Breast Cancer Under the Microscope: How Pathologists Diagnose and Classify the Disease
How breast is diagnosed and classified under the microscope.
Breast Cancer Under the Microscope: How Pathologists Diagnose and Classify the Disease
From specimen to diagnosis
A breast cancer diagnosis begins with tissue. Whether the sample arrives as a core needle biopsy (a thin cylinder of tissue sampled under imaging guidance) or as a larger surgical excision, the pathologist's first job is the same: to determine whether a malignancy is present, and if so, what kind. The tissue is fixed in formalin, embedded in paraffin, sliced into micron-thin sections, and stained with hematoxylin and eosin (H&E) — a stain that colors nuclei blue-purple and cytoplasm and stroma pink. This humble stain remains the backbone of diagnosis: architecture, cell shape, and the relationship of tumor cells to surrounding tissue are all read first on H&E.
The single most important question on H&E is whether the lesion is in situ (confined within the duct-lobular system) or invasive (breaching the basement membrane into stroma). This distinction hinges on the myoepithelial layer — the outer cell coat of normal ducts and lobules. When that layer is intact, the proliferation is in situ; when it is absent and tumor cells infiltrate stroma freely, the lesion is invasive. Where H&E is ambiguous, immunohistochemistry (IHC) for myoepithelial markers such as p63, calponin, and smooth-muscle myosin heavy chain (SMMHC) settles the question [1, 2].

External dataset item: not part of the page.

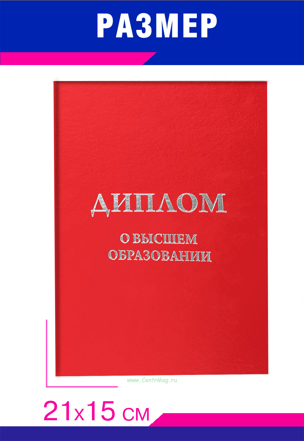 Обложка для диплома о высшем образовании, бумвинил, красный, серебряное тиснение

Every invasive carcinoma is then characterized by a standard biomarker panel — estrogen receptor (ER), progesterone receptor (PR), and HER2 — assessed on essentially every case, because these markers define eligibility for endocrine and HER2-directed drug classes and shape prognosis [1, 2].
The H&E picture
Across the catalogue of breast carcinomas, recurring morphologic themes organize the diagnosis. Pathologists read architecture (do cells form tubules, sheets, single files, sieve-like cribriform islands, or papillary fronds?), cytology (nuclear size, uniformity, nucleoli, cytoplasm), mitotic activity, and stromal response (desmoplasia, mucin, necrosis). A few patterns are nearly diagnostic at a glance: single-file infiltration with loss of cohesion suggests lobular carcinoma; well-formed angulated tubules with low-grade nuclei suggest tubular carcinoma; tumor clusters floating in mucin lakes signal mucinous carcinoma; and morule-like clusters sitting in empty lacunar spaces with reversed "inside-out" polarity define invasive micropapillary carcinoma [1].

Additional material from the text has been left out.